Tempus had gone among his own kind, after he left the barracks. He had checked in at the guild hostel north of the palace, once again in leopard and bronze and iron, and he was welcome there.

Why he had kept himself from it for so long, he could not have reasoned, unless it was that without these friends of former times the camaraderie would not have been as sweet.

He went to the sideboard and got hot mulled wine from a krater, sprinkling in goat's cheese and grain, and took the posset to a corner, so the men could come to him as they would.
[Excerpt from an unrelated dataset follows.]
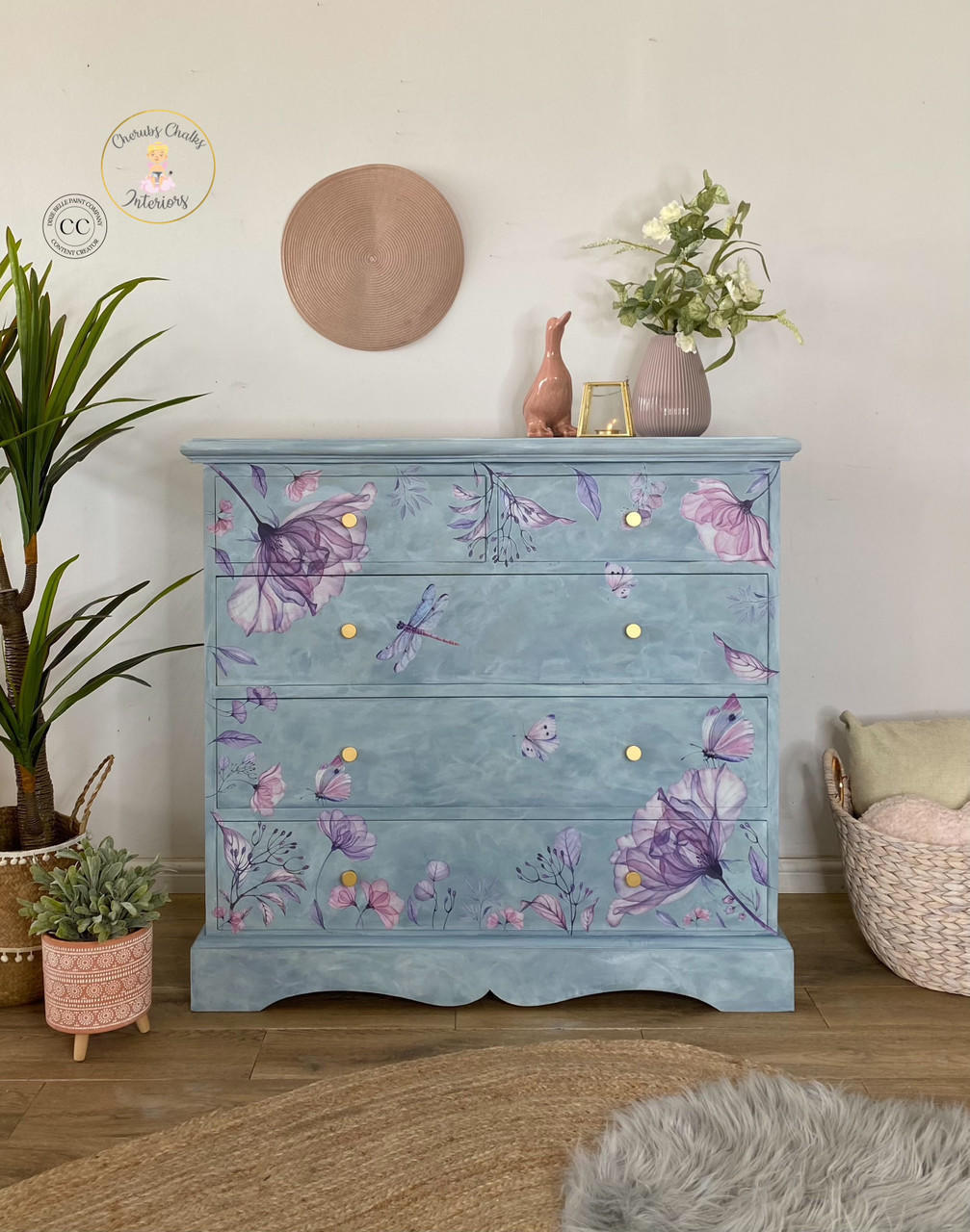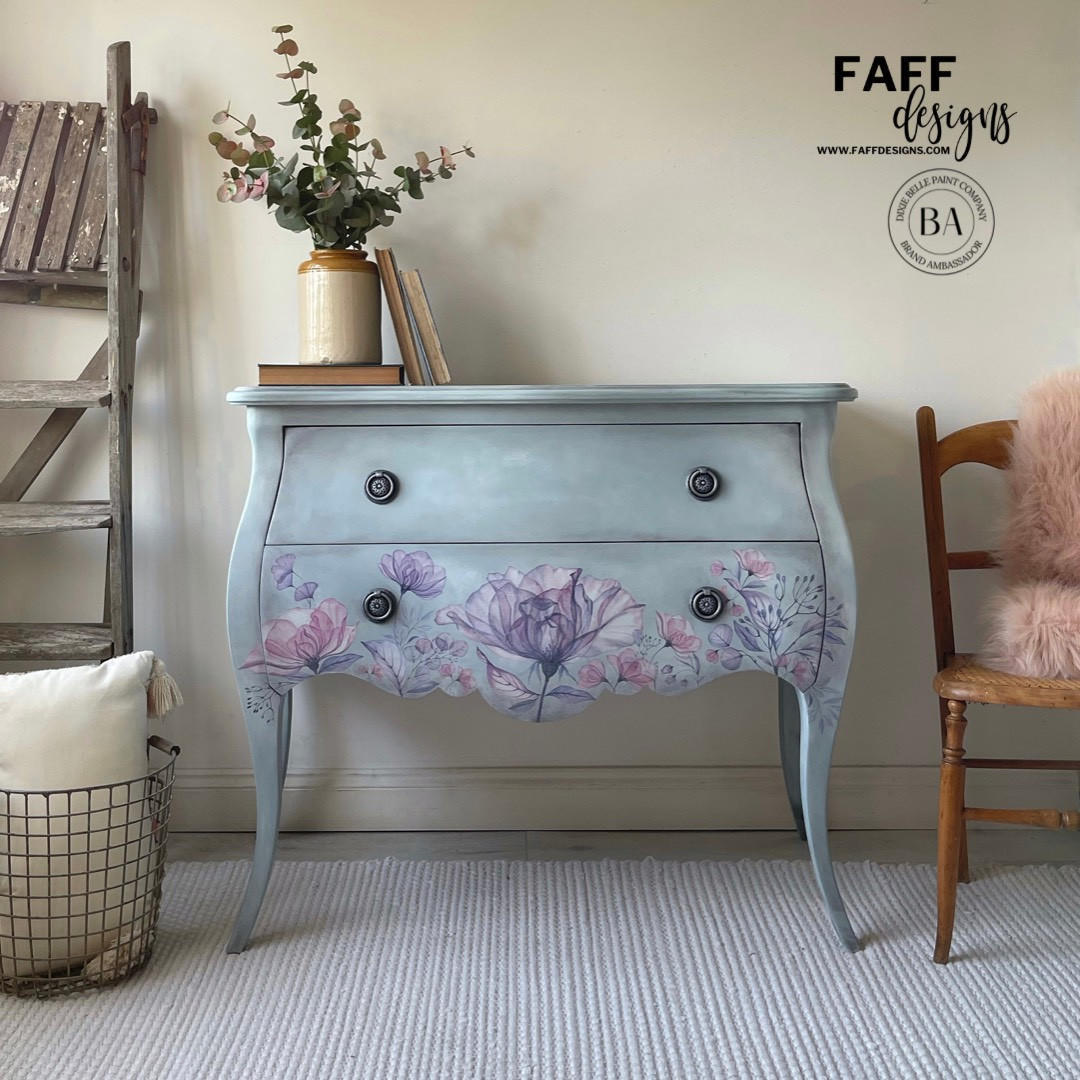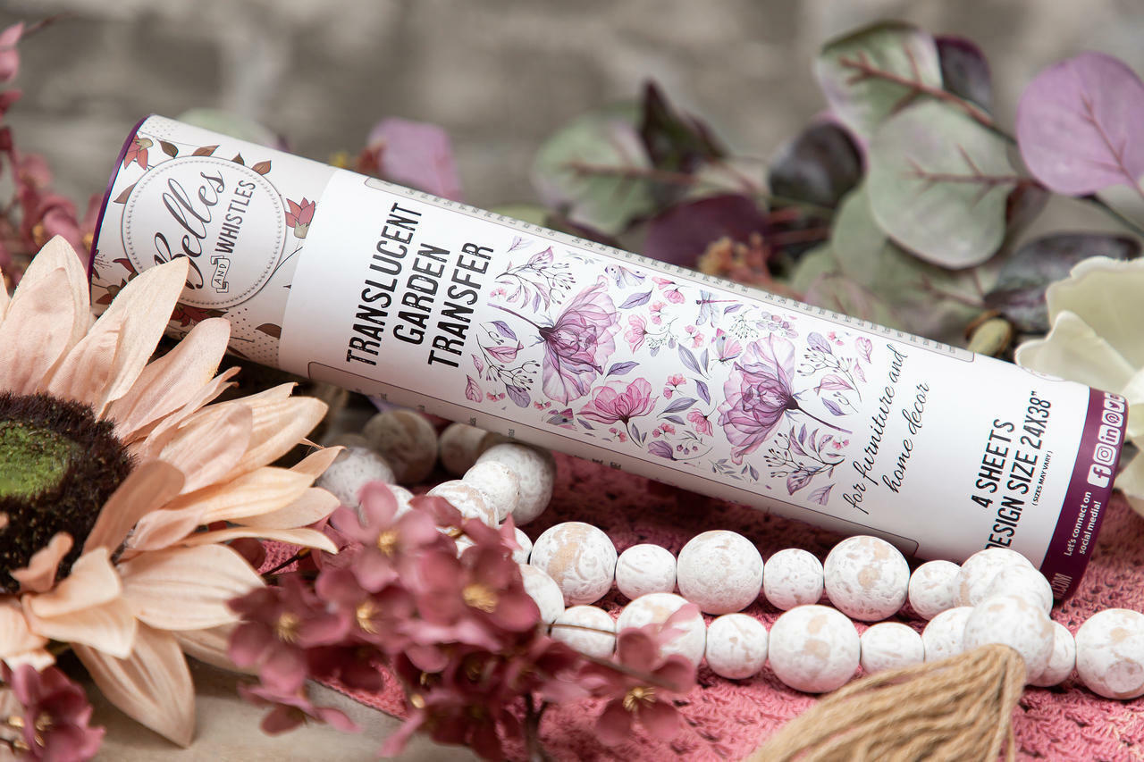 The Translucent Garden Rub-on Furniture Transfer brings an ethereal glow to your furniture. It features graceful florals, delicate greenery, and dainty dragonflies for a blooming effect in your DIY projects. Rub-On Transfers (furniture decals, decor transfers) are an easy way to add personality, creativity, and fun to furniture, fabric, glass, metal, and more. Belles and Whistles Rub-On Transfers are an affordable yet quality product by Dixie Belle Paint Company. Enhance your project by burnishing the transfer with the Dixie Belle Finishing Pad.
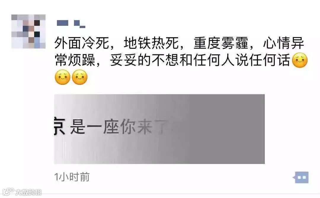 供暖开始,每天上班下班都开始走在霾伏路上,嗓子发炎,眼睛涩痛。偶尔有机会逃离他处,却发现他处越来越少,逃离的代价越来越大。最可怕的是你不知道真正致命的那一刻何时到来。

The problem of the eunuch was still unsolved: finding a suitable replacement was not going to be easy: there were not many eunuchs in the mercenaries' guild. The clubroom was red as dying day and dark as backlit mountains, and he felt better for having come. So, when Abarsis, high priest of Upper Ranke, left his companions and approached, but did not sit among the mercenaries Tempus had collected, he said to the nine that he would see them at the appointed time, and to the iron-clad one.

'Life to you. Stepson. Please join me.'

'Life to you, Riddler, and everlasting glory.' Cup in hand, he sipped pure water, eyes hardly darker never leaving Tempus's face. 'Is it Sanctuary that has driven you to drink?' He indicated the posset.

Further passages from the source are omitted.